When a loved one is not feeling well or is in need of medical assistance, we trust that the doctors and medical staff have the patient’s best interests at heart. Not understanding the treatment processes ourselves, we expect trained professionals to be able to cure or correct the ailments that are causing the distress. Louisiana has safety guidelines and standards of care in place to protect patients who are entrusted to medical care. When a doctor’s misdiagnosis injures a patient, our faith in the training and accountability of medical staff is shaken if not shattered completely.
For one New Orleans family, a doctor’s misdiagnosis resulted in their son’s death. When the doctor diagnosed their son with acute disseminated encephalomyelitis, treatment for ADEM began with little resistance. But the doctor allegedly failed to gather an adequate family history and neglected to evaluate the symptoms’ progression during treatment. Due to the inefficiency to obtain and observe the prior conditions, the test results were also misread and misinterpreted.
Because the test results were inaccurate, the medical team and the leading doctor were unable to diagnose the real cause of illness after the boy’s death. The autopsy revealed that the child had necrotizing and hemorrhagic pancreatitis.
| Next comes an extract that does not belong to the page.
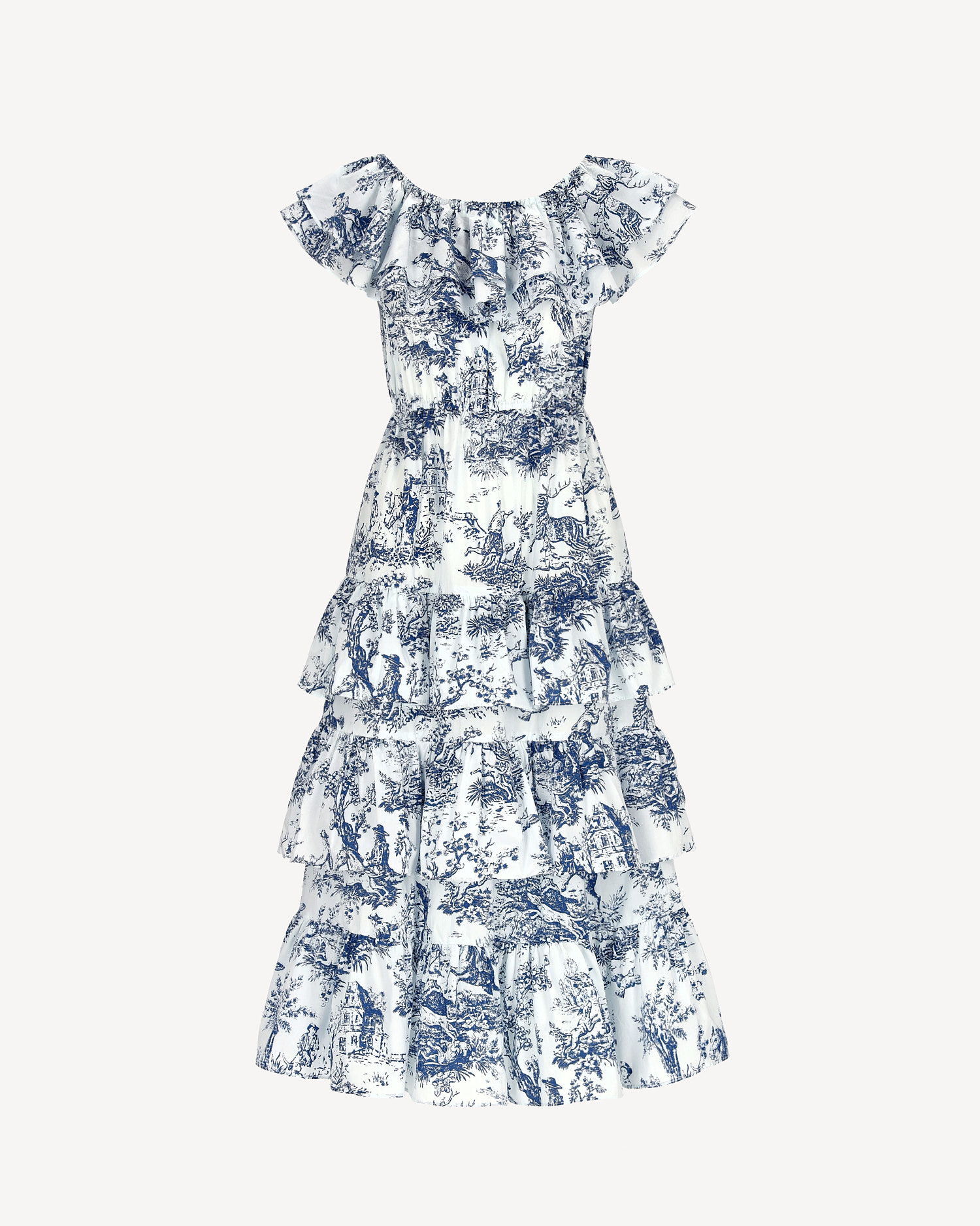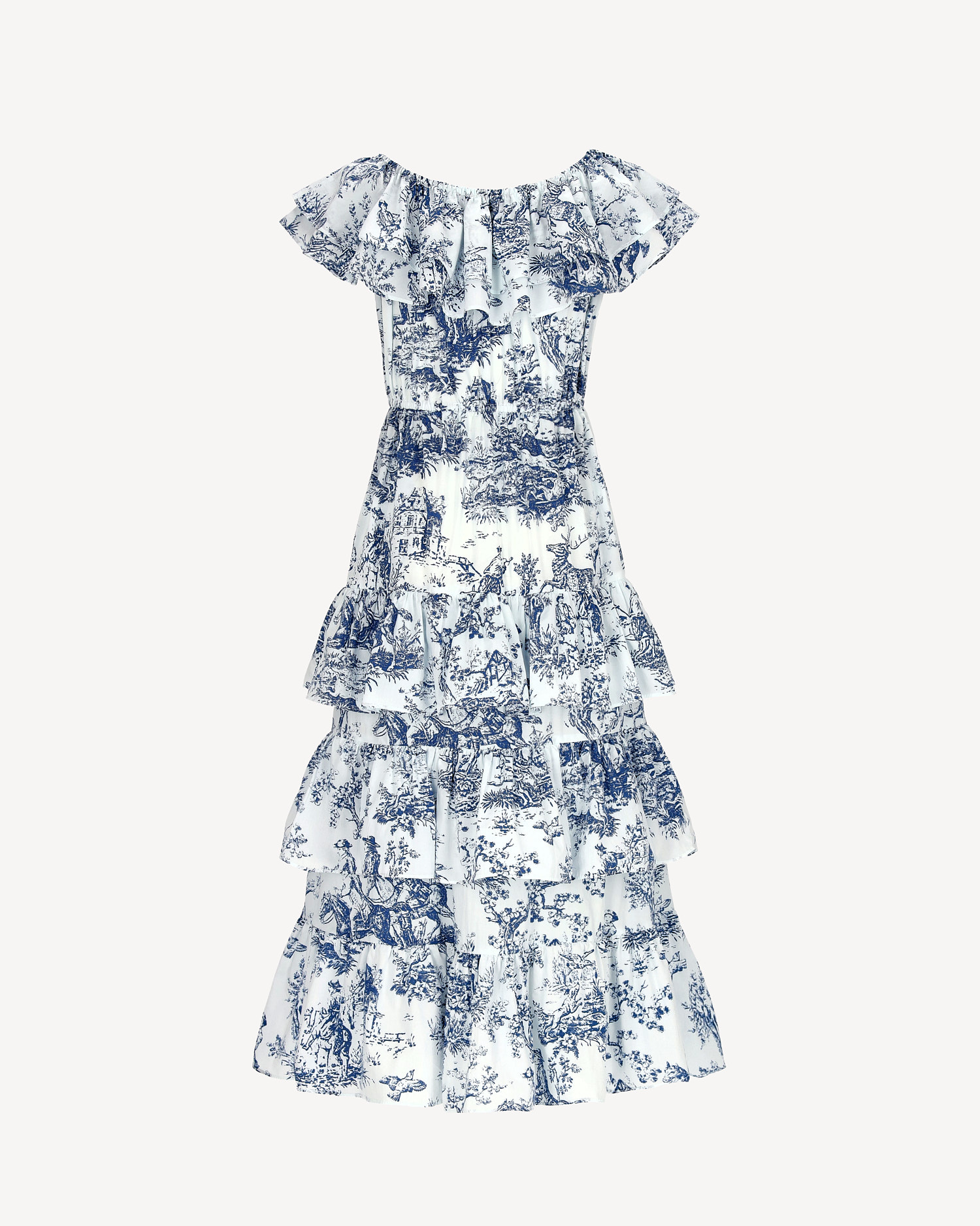Elegancka sukienka maxi wykonana w 100% z naturalnej bawełny, która zapewnia lekkość, przewiewność i wysoki komfort noszenia. Model wyróżnia się romantycznym wzorem w stylu toile de Jouy w odcieniach niebieskiego na białym tle, inspirowanym klasycznymi francuskimi tkaninami. Sukienka posiada elastyczny dekolt z falbaną, dzięki czemu można ją nosić zarówno klasycznie, jak i opuszczoną na ramiona w stylu hiszpańskim. Talia została delikatnie podkreślona, a rozkloszowany dół z kilkoma falbanami nadaje sylwetce lekkości i elegancji. To idealna propozycja na letnie przyjęcia, wakacyjne wyjazdy, spacery nad morzem czy eleganckie spotkania w ogrodzie.
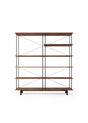Seiton wurde mit Blick auf den Alltag entwickelt. Die variierenden Felder der Regalbretter machen es einfach, Bücher, Keramik, Kisten und Technik zu inszenieren, ohne dass die Einrichtung schwer wirkt. Die klare Struktur hilft, den Überblick zu behalten, sodass Ordnung einfach gehalten werden kann. Die solide Konstruktion aus pulverbeschichtetem Stahl in Kombination mit Walnuss gewährleistet hohe Stabilität und lange Haltbarkeit. Gleichzeitig ist das Regal visuell leicht und wirkt selbst in kleineren Räumen nicht dominant. Die rechtsorientierte Komposition führt den Blick natürlich von oben nach unten und verleiht der Wand Charakter, ohne den Fokus von der restlichen Einrichtung zu stehlen.

Both of these may have been the result of the course of treatment for ADEM, which had been a misdiagnosis for the ailment that brought the family to the medical institution to begin with.
This is a tragic medical malpractice case due to a doctor’s negligence and the failure to diagnose and treat the cause of illness. The victim’s family has filed suit against the Louisiana State University Health Sciences Center and the doctor who misdiagnosed their son. Though nothing can compensate for the loss of a loved one, reimbursement can help grieving family members handle the medical bills, funeral expenses, and pain and suffering they endured as a result of the misdiagnosis.